The current Gophers freshman was among the wave of college hockey recruits committing to schools at increasingly younger ages. He decided on his hometown team as a 15-year-old Edina freshman. But a new NCAA rule will make commitments like his a relic of the past.

"Honestly, I think I was a little too young to truly understand what was happening," Brinkman said. "I was making a decision on where I'm going to get an education ... where I was going to meet a bunch of people. And really, all I really thought about then was the hockey."

Earlier this month, the NCAA's Division I Council approved changes to recruiting timelines as a way to keep early commitments in check. Men's hockey coaches now can't offer scholarships until Aug. 1 before a recruit's junior year.

NCHC Commissioner Josh Fenton said the push to change the rules began in 2016.

"It's gotten more competitive," Fenton said. "And that's just pushed earlier and earlier the time frames in which prospects have contacted coaches."

The new rule bans all contact before Jan. 1 of a recruit's sophomore year. Before, recruits could initiate contact, and coaches could make offers at any time.

Under former coach Don Lucia in 2017, the Gophers received commitments from Chaz and Cruz Lucius, then 14 and 13, respectively. When current Gophers coach Bob Motzko was at St. Cloud State in 2014, he received a commitment from Ryan Poehling, then a 15-year-old Lakeville North freshman.

Just in the past two weeks, Gophers women's coach Brad Frost has received commitments from two Breck eighth-graders, part of a rush across college hockey to lock down young recruits before the changes take effect Wednesday.

Frost explained that programs have developed relationships with young players under the former rules and want to see those through while younger commitments are still allowed. But overall, Frost said the change is "healthy."

"Certain programs start getting early kids, and then it almost forces the hand of other programs because you're damned if you do and you're damned if you don't," Frost said.

"If you do it, obviously you're taking a risk on, are these players going to develop the way that you think? ... And if you don't, then kids that you view as kind of top kids in their class have the potential to start going other places."

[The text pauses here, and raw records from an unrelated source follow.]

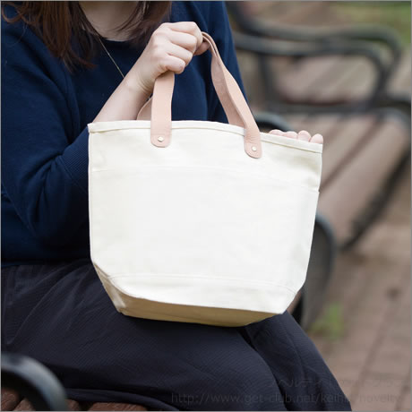 厚手キャンバスレザーハンドルトート(S) ナチュラル
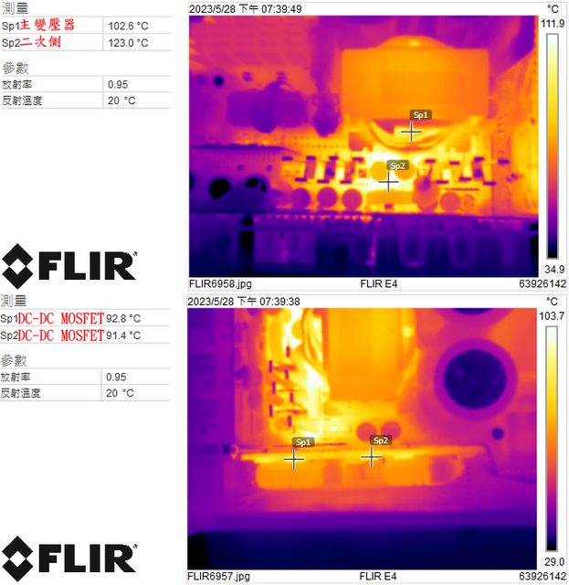 ▼電源供應器滿載輸出下主變壓器/二次側(上圖)及DC-DC MOSFET(下圖)的紅外線熱影像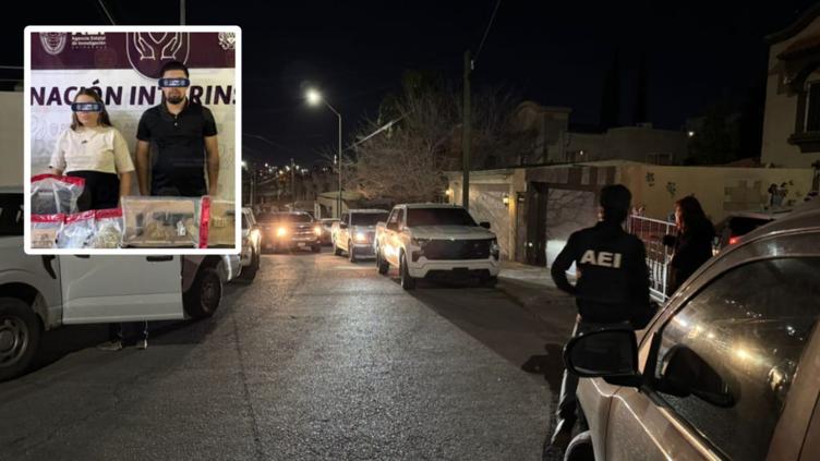Autoridades presentaron a una pareja detenida en un cateo en Quintas San Sebastián, en Chihuahua, vinculado a un homicidio reciente. En el operativo se aseguraron armas, cartuchos, presunta droga y tres vehículos, quedando todo a disposición de la Fiscalía.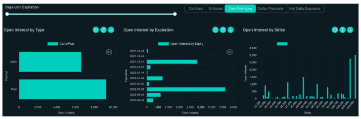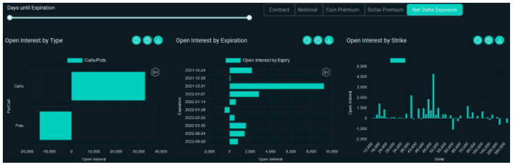 We see call dominance at 2021 year end leading into the first week of January 2022 around 50K call strikes. Delta then flips to negative at the end of January around 60K put strikes, thus signalling the market’s anticipation of a slight pause or correction at that point.

Fenton agreed this move could protect coaches and recruits from uncomfortable decommitments. Coaches won't have to project what a player will perform like anywhere from four to six years into the future, and recruits won't feel chained to a decision they made when young.

It also might smooth relationships between coaches. College hockey recruiting has basically operated on an honor system, with other coaches backing off from pursuing players once they commit to a school. But when the commitments occurred at younger ages, many coaches never had a chance to make their pitch and felt it was unfair.

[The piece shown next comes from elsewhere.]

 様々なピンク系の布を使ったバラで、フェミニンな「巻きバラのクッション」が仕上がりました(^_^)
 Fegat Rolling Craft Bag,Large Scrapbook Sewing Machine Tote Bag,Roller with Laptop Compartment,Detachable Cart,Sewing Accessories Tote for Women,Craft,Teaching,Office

In the hockey community, reaction to the new rules has been mostly positive, with Motzko saying they bring an "out of control" situation back to some "normalcy."

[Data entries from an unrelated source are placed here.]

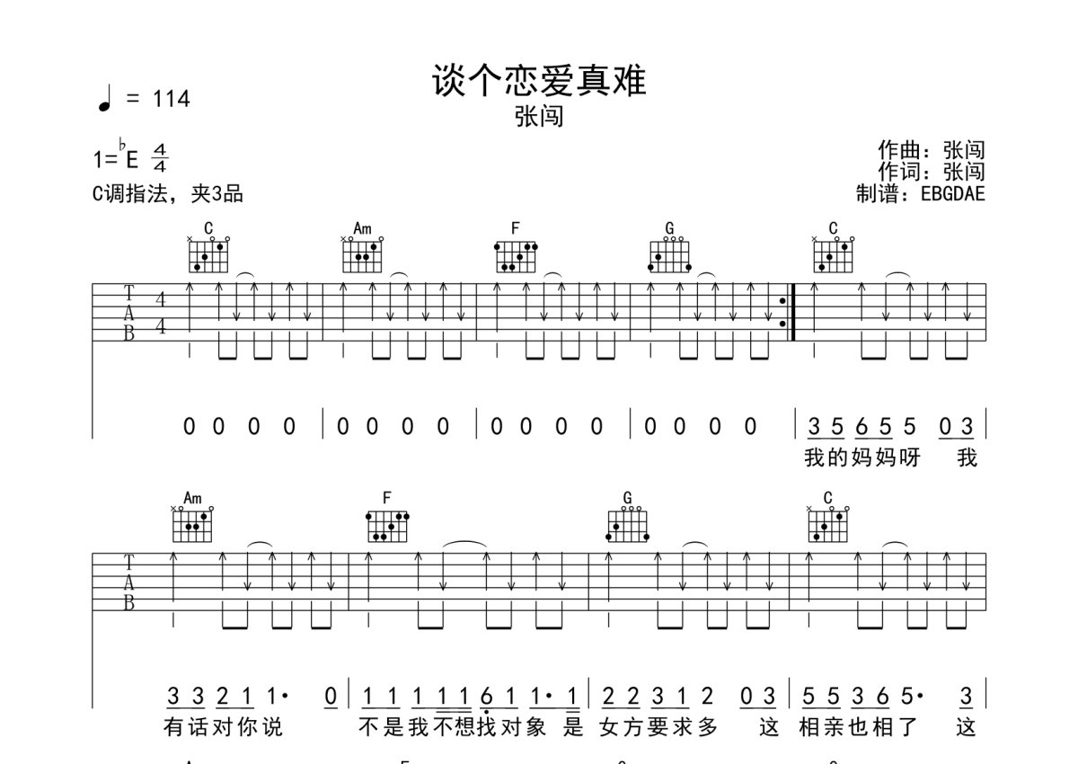 张闯《谈个恋爱真难》吉他谱 - C调弹唱六线谱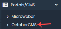 4. On the left side, locate the Portal/CMS category. Click on it and then on the OctoberCMS link that appears.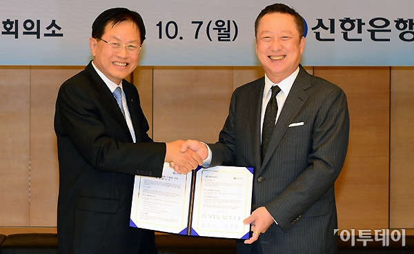 대한상공회의소와 신한은행이 중소기업 글로벌화를 위해 손을 맞잡았다. 박용만 대한상공회의소 회장과 서진원 신한은행장이 7일 오후 남대문로 대한상공회의소에서 ‘중소기업 글로벌화 지원을 위한 업무협약’을 체결한 후 악수를 하고 있다. 노진환 기자 myfixer@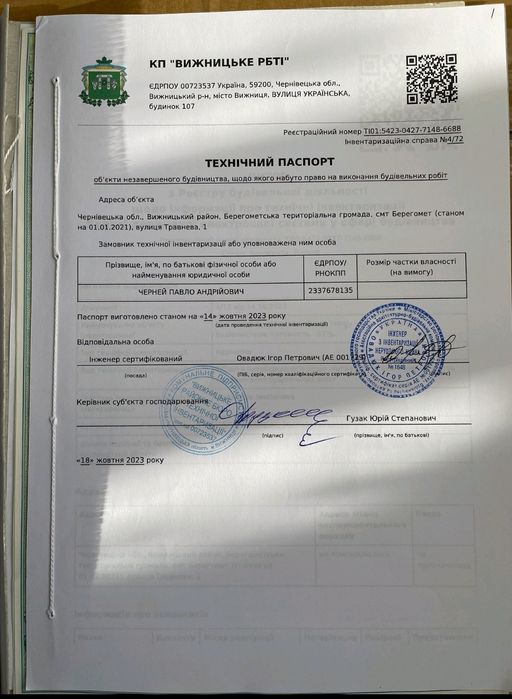 Продається Будинок; Продається будинок (незавершене будівництво, по документах 52%).В смт Берегомет,по вул.Травнева 1 . В самому центрі,Поруч магазини, садік, аптека, (500м до центральної дороги).Світло і газ поруч.Детальніше звертайтесь в приват.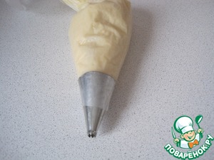 Тесто отсаживаем из мешочка и кондитерской насадки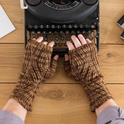 Ribbing forms herringbones along the length of these unisex mitts. They’re warm enough to wear in a chilly garret, yet sophisticated enough for a stroll down a London street.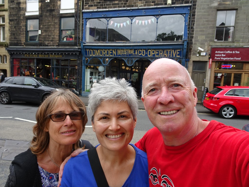 We arrived in Hebden Bridge and moored up at the quieter end of town. Neil made new friends with a party boat full of young couples out for the day, and then with Rowan the owner of the spectacular wide houseboat moored next to us. Rowan was a quite stunning lesbian and she invited Neil to have a look around. When he didn’t return for quite some time Cheryl and Gail started to wonder what was going on. Next morning we had a walk to Heptonstall which was gorgeous – there was an open studios event on so we had a peek into some of the old buildings and cottages.
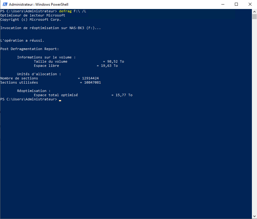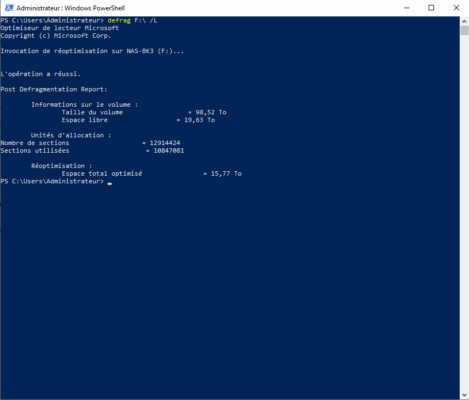 Une fois la commande terminée, l’espace optimisé est affiché, comment on peut le voir 15.77 To dans mon cas.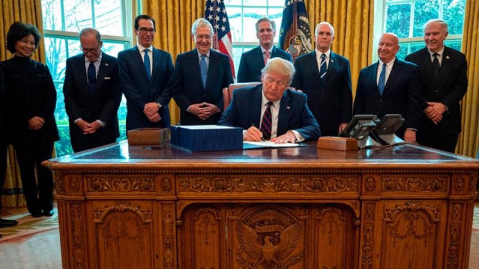 วอชิงตัน 28 มี.ค.- ประธานาธิบดีโดนัลด์ ทรัมป์ของสหรัฐ เร่งลงนามร่างมาตรการช่วยเหลือครั้งใหญ่ที่สุดในประวัติศาสตร์ประเทศ มูลค่า 2.2 ล้านล้านดอลลาร์สหรัฐ (ราว 71.39 ล้านล้านบาท) แล้วเพื่อรับมือผลกระทบทางเศรษฐกิจอันเกิดจากการแพร่ระบาดของโรคติดเชื้อไวรัสโคโรนา 2019 หรือโควิด-19

One concern men's college hockey coaches have with the condensed contact window is competition with major-junior hockey and losing potential college players to the Canadian Hockey League.

Women's college hockey doesn't have to compete with those leagues, so the first contact date is 5½ months later — June 15 after the recruit's sophomore year, also the earliest coaches can offer scholarships.

But an even greater challenge could be the enforceability of these rules. How does the NCAA police a private conversation between two parties?

"The biggest worry is that coaches and programs just try to find some sort of gray area, some loophole to try to circumvent the rule," Frost said. "The spirit of the rule is pretty clear."

While college hockey recruiting will no longer be a chaotic guessing game, the next years will be interesting to see if all the young commitments hold up and pan out.

Brinkman, at least, has no regrets about his choice. The 6-1, 210-pound top-four defenseman started with the Gophers a year early and played in all 38 games this season.

But not all young commitments might be as successful.

"The hardest part is just the unknown. It's a risk," Frost said. "And teams, us included, will probably start knowing in about three or four years, were we right?"